Your professional groups are demanding legislators repeal Medicare’s sustainable growth rate formula. See how much it could cost, and why taking from the war chest could work.

Physicians’ groups petitioned Congress on January 23, urging lawmakers to divert military dollars to eliminate the controversial Medicare physician payment formula known as the sustainable growth rate (SGR).

The American Medical Association (AMA) and 108 state and specialty medical societies, including the American Academy of Family Physicians (AAFP) and the American College of Physicians, sent a letter to the members of the congressional conference committee tasked with addressing this issue.

The SGR formula requires payment increases to match gross domestic product growth. If expenditures exceed the target, then Medicare tries to recoup the difference by cutting physician reimbursement. The difference between targeted and actual spending on physician services accumulates, however, so that the postponed pay cuts grow larger every year. Congress has approved 13 such short-term “patches” to the SGR. The most recent patch, approved in December, expires at the end of February. If Congress doesn’t act, the payment cut will be 27.4%.

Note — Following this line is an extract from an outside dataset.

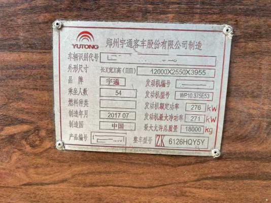 | 客车品牌 | 宇通客车 | 上牌时间 | 2017-08-18 |

In the letter, the physicians’ groups ask Congress to use projected spending not needed for the Iraq and Afghanistan wars to help prevent any budget overruns.

“I don’t think it’s too strong to say that our demand is we need a permanent fix,” Glen Stream, MD, MBI, FAACP, president of the AAFP, tells eConsult. “We need a permanent fix so physicians know what they’re going to get.”

Members of the AAFP board of directors are traveling to Washington, DC, this week to meet with lawmakers to push the issue, says Stream, who will not make the trip.

The cost of a permanent SGR repeal has grown due to Congress’ frequent short-term patches. The repeal cost is nearly $300 billion today, up from $48 billion in 2005. If Congress continues to implement the same temporary patches, the cost will double again in 5 years, according to the AMA.

“There is bipartisan agreement that this issue has plagued Medicare and TRICARE for too long, and the cost for a permanent cure will never be less than it is right now,” said AMA President Peter W. Carmel, MD, in a statement. “Using funds that will not be needed as the wars wind down to protect healthcare for men and women in uniform and our nation’s seniors is the fiscally responsible thing to do.”